Herşeye rağmen muhakkak bir nûra doğru yürümekteyiz. Bende bu imanı yaşatan kuvvet, yalnız, aziz memleket ve milletim hakkındaki sonsuz sevgim değil, bugünün karanlıkları, ahlâksızlıkları, şarlatanlıkları içinde sırf vatan ve hakikat aşkıyla ışık serpmeye ve aramaya çalışan bir gençlik gördüğümdür. ( 1918 )

Gençler için vatanî işlerde ölmek söz konusu olabilir. Ama korkmak asla! ( 1919 )

Gençler! Vatanın bütün ümit ve istikbali size, genç nesillerin anlayış ve enerjisine bağlanmıştır. ( 1919 )

Başımıza neler örülmek istenildiği ve nasıl karşı koyduğumuz ve daha doğrusu milletin arzu ve emellerine uyarak ve onun yardımıyla nasıl çalıştığımız görülmeli ve gelecek kuşaklar için ibret ve uyanış nedeni olmalıdır. Zaten herşey unutulur. Fakat biz herşeyi gençliğe bırakacağız, o gençlik ki hiçbir şeyi unutmayacaktır; geleceğin ümidi, ışıklı çiçekleri onlardır. Bütün ümidim gençliktedir. ( 1919 )

Milletin bağrından temiz bir nesil yetişiyor. Bu eseri ona bırakacağım ve gözüm arkada kalmayacak. ( 1923 )

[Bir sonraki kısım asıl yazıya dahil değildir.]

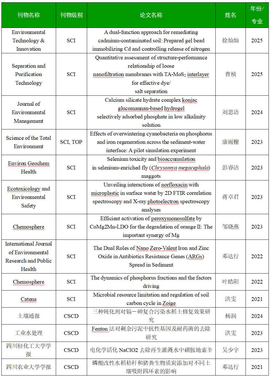 负责环境生态工程和生态学2个本科专业的建设、教学运行管理及育人成效评价;负责土壤污染过程与效应;土壤修复功能材料创制;土壤污染控制与修复3个学科方向的建设,负责四川省土壤环境保护重点实验室的管理与建设。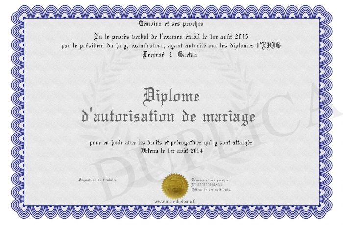 Envoyez par email votre Diplôme d'autorisation de mariage personalisé

Bizim halkımız çok temiz kalpli, çok asil ruhlu, ilerlemeye çok kabiliyetli bir halktır. Bu halk eğer bir defa karşısındakilerin samimiyetle kendilerine hizmet ettiğine inanırsa her türlü hareketi derhal kabule hazırdır. Bunun için gençlerin herşeyden önce millete güven vermeleri lazımdır. Sayın gençler, hayat mücadeleden ibarettir. Bundan dolayı hayatta yalnız iki şey vardır. Galip olmak, mağlup olmak. Size, Türk gençliğine terk edip bıraktığımız vicdani emanet, yalnız ve daima galip olmaktır ve eminim daima galip olacaksınız. Milletin yükselme neden ve şartları için yapılacak şeylerde, atılacak adımlarda kesinlikle tereddüt etmeyin. Milleti o yükselme noktasına götürmek için dikilecek engellere hep birlikte mani olacağız. Bunun için beyinlerinize, irfanlarınıza, bilgilerinize, gerekirse bileklerinize, pazularınıza, bacaklarınıza müracaat edecek, fakat netice mutlaka ve mutlaka o gayeye varacağız… Bu millet, sizin gibi evlatlarıyla layık olduğu olgunluk derecesini bulacaktır. ( 1923 )

Gençler!

Cesaretimizi kuvvetlendiren ve devam ettiren sizsiniz. Siz almakta olduğunuz eğitim ve kültür ile, insanlık meziyetinin, vatan sevgisinin, fikir hürriyetinin en kıymetli sembolü olacaksınız.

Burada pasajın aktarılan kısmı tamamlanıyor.